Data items
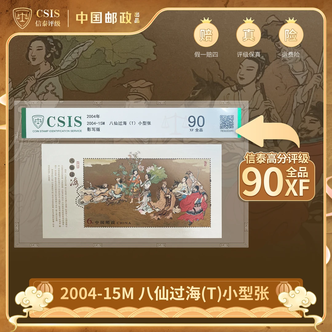 【中国邮政】2004年八仙过海-金粉邮票小型张片材封装版(信泰评级)
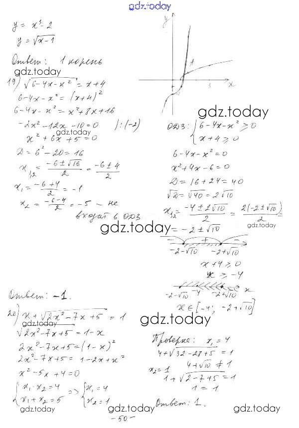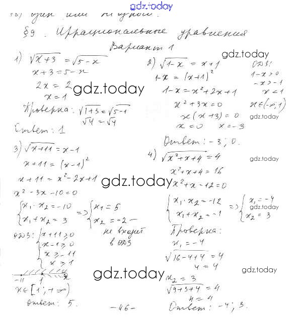 На страницах сайта gdz.today вы найдете учебный и вспомогательный материал, направленный на улучшения знаний школьной программы. ГДЗ - онлайн мир знаний §9. Иррациональные уравнения Решение к главе 2. Степенная функция вариант 1 Дидактическим материалам по Алгебре для 10 класса Шабунин, Ткачева Базовый и углубленный уровень Просвещение 2017
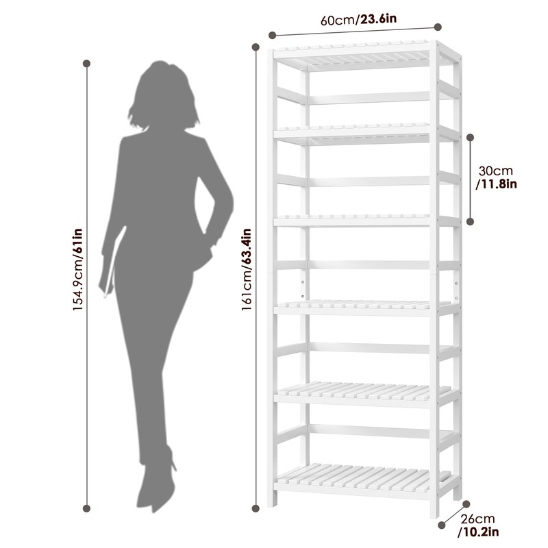 - 6-tier Large Capacity: With a size of 23.6*10.2*63.4 inches (60*26*161cm), this 6-tier bamboo shelf has a large capacity to hold most of your kitchenware, toiletries, books, plants, and so on, which is a perfect storage shelf unit that can meet your daily storage and display needs.
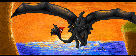 This is wonderful. You did a really good job on the lighting underneath Toothless. The worst part is probably the water - but when I say 'worst' I mean 'least best'. The water still is very good, and I could never hope to do something like this. Favourite!
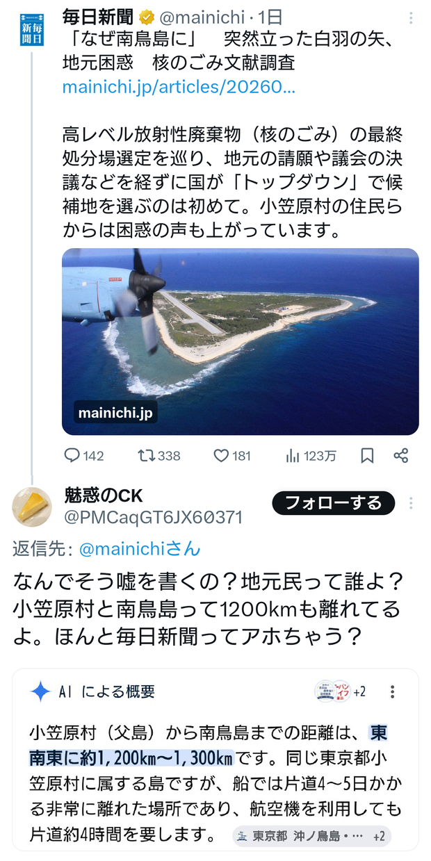 毎日新聞「なぜ南鳥島に…核のごみ文献調査に地元困惑」 ←住民0人の南鳥島の地元?🤔 Twitter Facebook はてブ LINE コピー 2026.03.05 スポンサーリンク 1:2026/03/05(木) 09:11:31.68 ID:WeaR8z8s0南鳥島の付近の地元住民(1200km離れた父島の住人)。こんなの面白過ぎるでしょ記事タイトル・・・ https://t.co/wPE4UZyTZy— JSF (@rockfish31) March 4, 2026転載元スレッド:https://hayabusa3.2ch.sc/test/read.cgi/news/1772669491/ 続きを読む
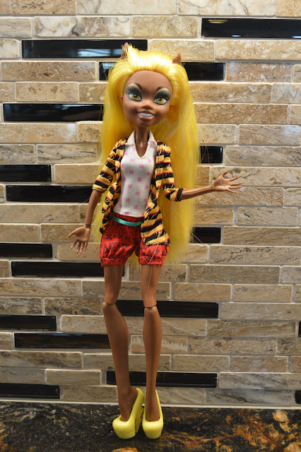 Wolf Family 4 Pack Clawdeen. Notice how the print on her shirt matches Clawd's? I gave her the shoes from Dance the Fright Away-Welcome to Monster High Clawdeen (since I put the boots back on Abbey.)
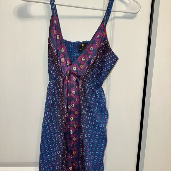 This stunning sundress features a deep blue base with a vibrant purple panel, perfect for casual or resort wear. The sleeveless design with spaghetti straps offers a breezy and comfortable fit, ideal for warm weather outings.
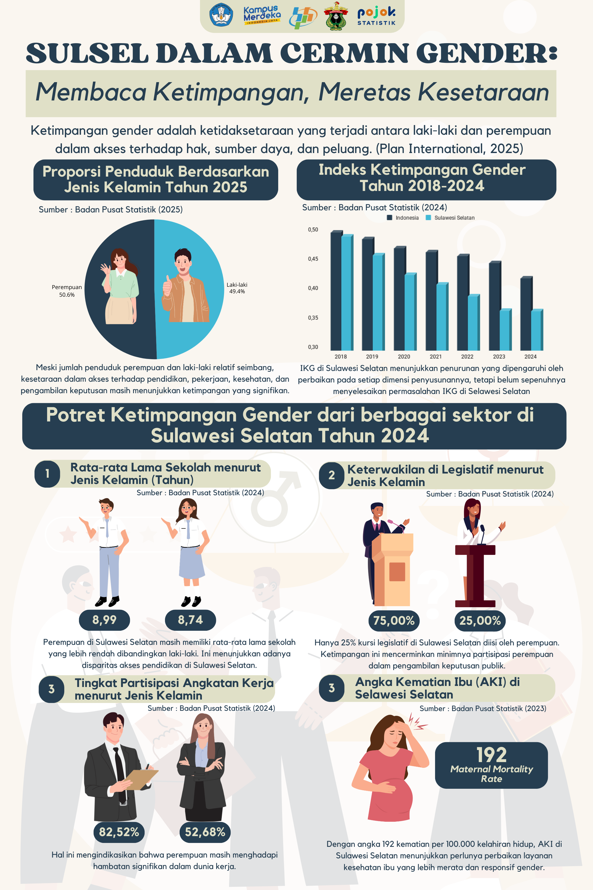 Infografis "Sulsel dalam Cermin Gender: Membaca Ketimpangan, Meretas Kesetaraan" menyajikan kondisi ketimpangan gender di Provinsi Sulawesi Selatan berdasarkan data terbaru dari Badan Pusat Statistik. Infografis...
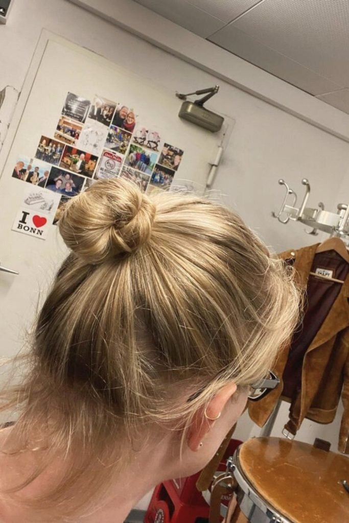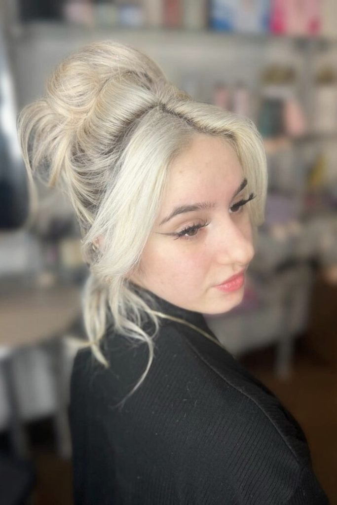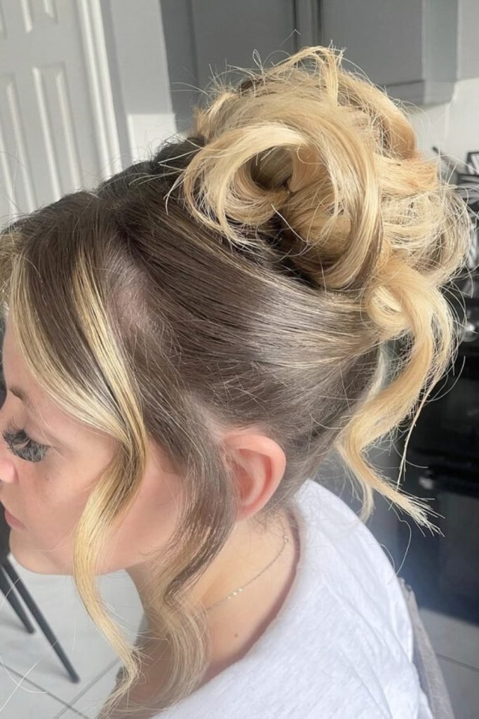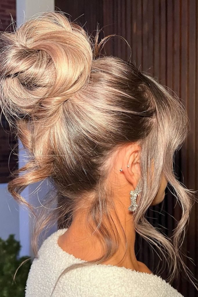 This voluminous blonde messy bun is all about casual elegance with a hint of playfulness.

> _Task item_
Restate, exactly as they appear, the line with "Wolf Family 4" and all the lines after it up to the end of the data above; images do not belong in the copy.

> _Response to the exercise_
 Wolf Family 4 Pack Clawdeen. Notice how the print on her shirt matches Clawd's? I gave her the shoes from Dance the Fright Away-Welcome to Monster High Clawdeen (since I put the boots back on Abbey.)
 This stunning sundress features a deep blue base with a vibrant purple panel, perfect for casual or resort wear. The sleeveless design with spaghetti straps offers a breezy and comfortable fit, ideal for warm weather outings.
 Infografis "Sulsel dalam Cermin Gender: Membaca Ketimpangan, Meretas Kesetaraan" menyajikan kondisi ketimpangan gender di Provinsi Sulawesi Selatan berdasarkan data terbaru dari Badan Pusat Statistik. Infografis...
 This voluminous blonde messy bun is all about casual elegance with a hint of playfulness.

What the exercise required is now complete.